Minimal 2D Forward Run

2d_forward.py
import torch
import tide

device = torch.device("cuda" if torch.cuda.is_available() else "cpu")
dtype = torch.float32

ny, nx = 96, 96
epsilon = torch.full((ny, nx), 4.0, device=device, dtype=dtype)
sigma = torch.zeros_like(epsilon)
mu = torch.ones_like(epsilon)

nt = 300
dt = 4e-11
src = tide.ricker(freq=8e8, length=nt, dt=dt, device=device, dtype=dtype).view(1, 1, nt)
src_loc = torch.tensor([[[20, 48]]], device=device, dtype=torch.long)
rec_loc = torch.tensor([[[20, 60]]], device=device, dtype=torch.long)
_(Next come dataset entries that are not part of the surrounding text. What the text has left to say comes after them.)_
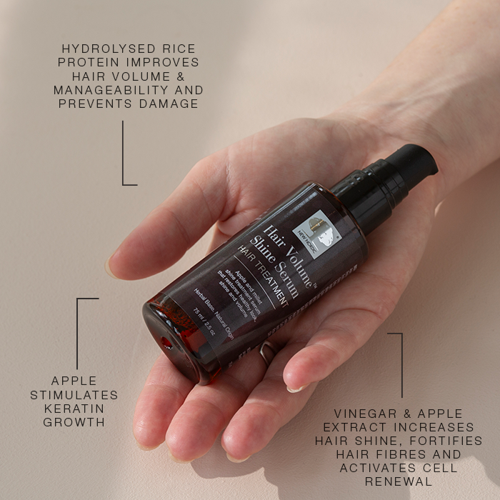 The formula combines botanical extracts and proteins that help care for the hair from root to tip. Apple fruit water and apple extract help enhance shine and vitality, while vinegar contributes to smoother hair fibres and a glossy finish. Hydrolysed rice protein helps improve volume and manageability, and millet extract nourishes the hair for a fuller-looking result. Together, these ingredients help leave the hair looking shinier, stronger and more resilient.
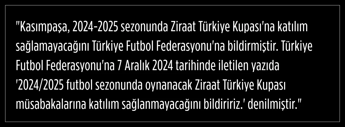 Kasımpaşa, 2024-2025 sezonunda Ziraat Türkiye Kupası'na katılmayacağını Türkiye Futbol Federasyonu'na iletti. TFF, konuyla ilgili gerekli değerlendirmelere başlayacağını duyurdu.
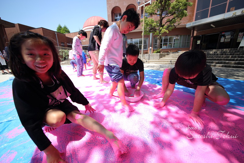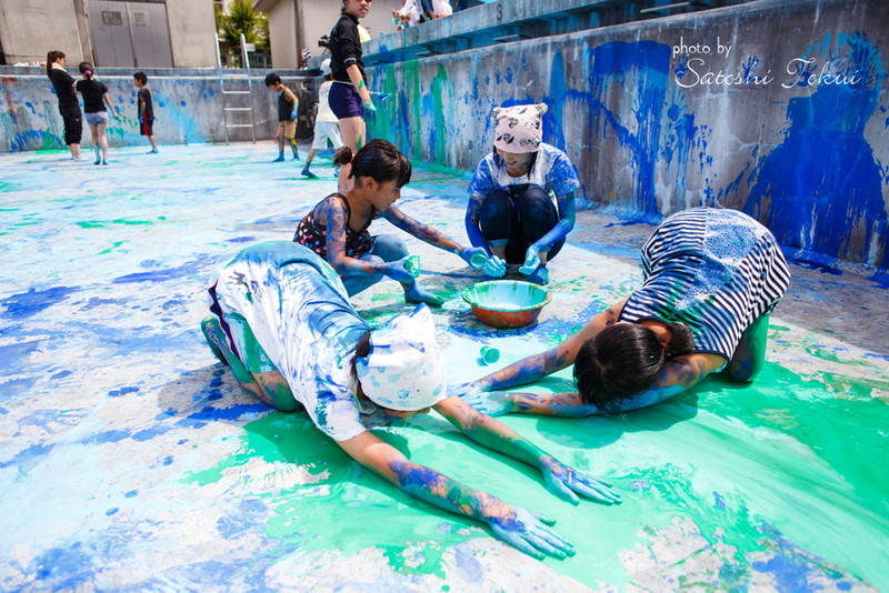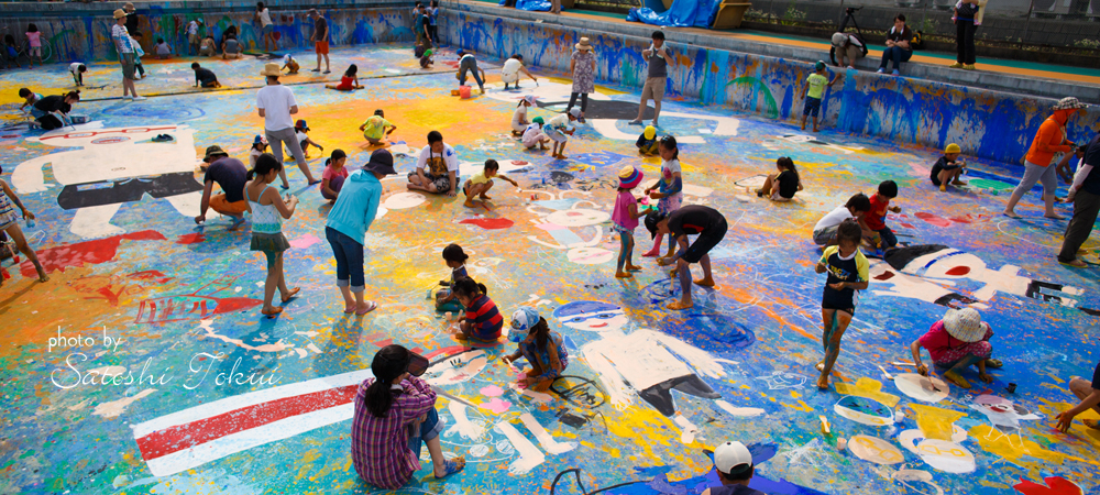 富田林市立中央公民館「アートおどろく公民館」として実施。取り壊されるプールを使って何かできないかという提案で、アートなプール開きを実施。子どもたち約60人が集まり、大勢の子供たちが楽しい思い出を作ったプールを最後に子どもたちの手で感謝の気持ちをこめてアートしました。大きなプールに絵を描くという滅多にできない経験をしました。大阪で空いているプールがあればご連絡ください。
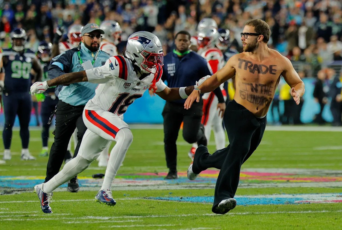 Super Bowl 2026: el WR de los Patriots, Kyle Williams, persigue al invasor del campo
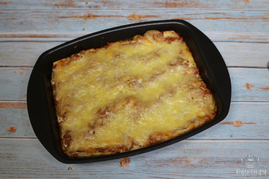 10. Затем вынимаем форму с лазаньей и даем ей настояться до 7 минут. Лазанья с фаршем и моцареллой готова.
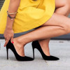 Ucu sivri, yüksek topuklu ayakkabılar giymek, halluks valgus oluşumuna katkıda bulunur ve mevcut deformiteyi arttırır.
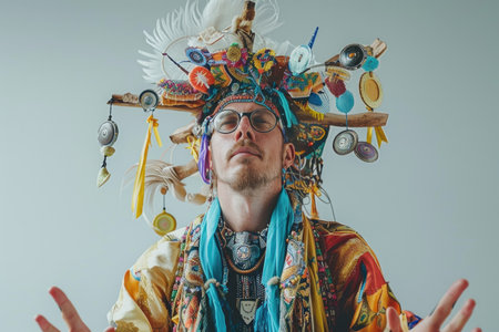 A man wearing a headpiece made of various found objects and brightly colored fabrics stands with his arms outstretched.
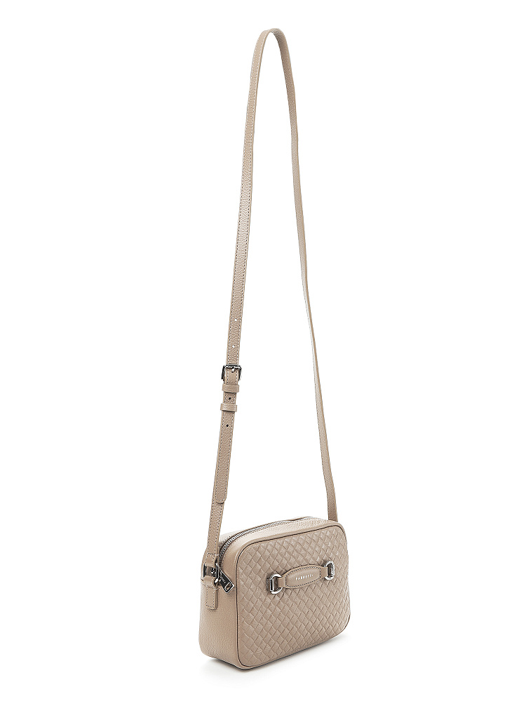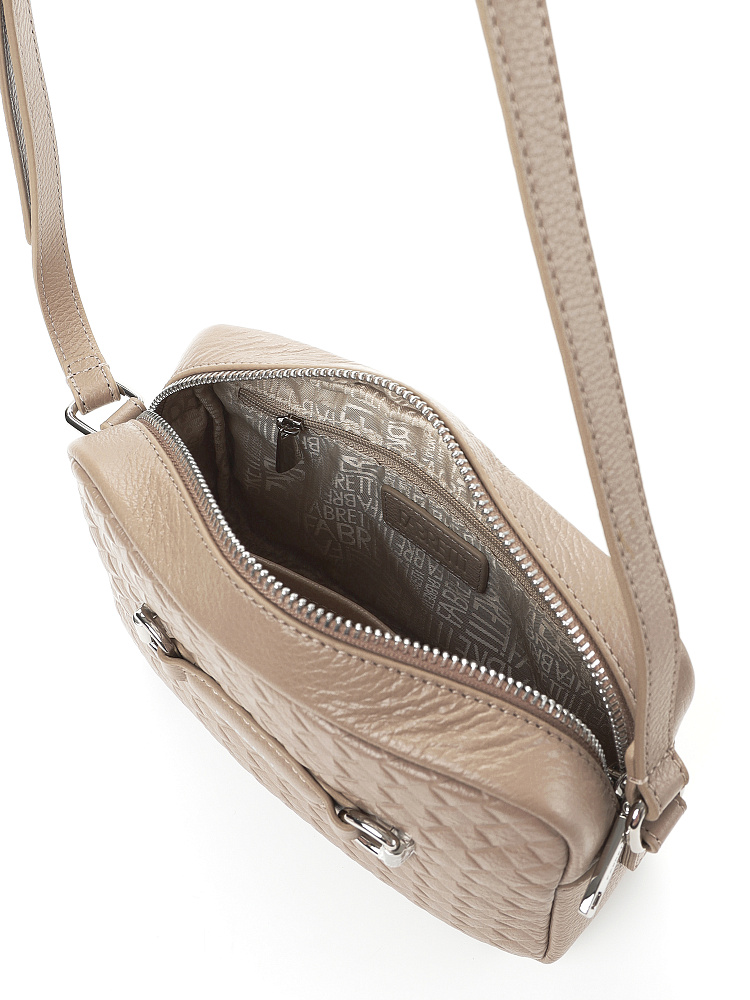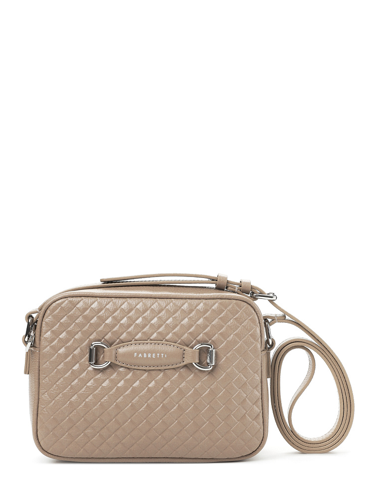 Небольшая прямоугольная женская сумка кросс-боди итальянского бренда FABRETTI из высококачественной натуральной кожи с мелкозернистой фактурой и тиснением, имитирующим плетеный узор. Окрашена в теплый серо-бежевый оттенок.У этой модели прямоугольный силуэт с округлыми краями, на лицевой стороне декоративная пряжка с логотипом. Основное отделение закрывается на металлическую молнию.Внутри открытый карман и карман на молнии, на тыльной стороне сумки карман быстрого доступа на молнии. Плечевой ремень регулируется по длине пряжкой. Длина ок.135 см. Цвет фурнитуры – серебро.«Плетеный» геометрический узор на поверхности делает сумку более сложной и фактурной, она удачно сочетается с одеждой с принтами и сложным кроем. На фоне однотонной свободной одежды аксессуар будет акцентным.

*_, receivers = tide.maxwelltm(
    epsilon=epsilon,
    sigma=sigma,
    mu=mu,
    grid_spacing=0.02,
    dt=dt,
    source_amplitude=src,
    source_location=src_loc,
    receiver_location=rec_loc,
    pml_width=10,
)

print(receivers.shape)  # [nt, n_shots, n_receivers]

Optional 3D Preview

3d_forward.py
import torch
import tide

device = torch.device("cuda" if torch.cuda.is_available() else "cpu")
dtype = torch.float32

nz, ny, nx = 32, 32, 32
epsilon = torch.full((nz, ny, nx), 4.0, device=device, dtype=dtype)
sigma = torch.zeros_like(epsilon)
mu = torch.ones_like(epsilon)

nt = 200
dt = 4e-11
src = tide.ricker(freq=1e8, length=nt, dt=dt, device=device, dtype=dtype).view(1, 1, nt)
src_loc = torch.tensor([[[16, 16, 16]]], device=device, dtype=torch.long)
rec_loc = torch.tensor([[[16, 16, 20]]], device=device, dtype=torch.long)

*_, rec = tide.maxwell3d(
    epsilon=epsilon,
    sigma=sigma,
    mu=mu,
    grid_spacing=[0.03, 0.03, 0.03],
    dt=dt,
    source_amplitude=src,
    source_location=src_loc,
    receiver_location=rec_loc,
    pml_width=6,
    python_backend=False,
)

print(rec.shape)

Verify Backend Availability

from tide import backend_utils

print("backend available:", backend_utils.is_backend_available())
print("library path:     ", backend_utils.get_library_path())

Note

If the backend is unavailable, TIDE can still run on Python fallback paths for supported configurations, but performance will be lower.

Common Startup Issues

Shape mismatch
  • source_amplitude must be [n_shots, n_sources, nt]
  • source_location and receiver_location must be [n_shots, n_points, ndim]
Out-of-bounds indices

Coordinates must satisfy 0 <= index < model_size for each spatial dimension.

Instability warning

TIDE auto-adjusts the internal time step using CFL and resamples time signals. Consider reducing dt or coarsening grid spacing.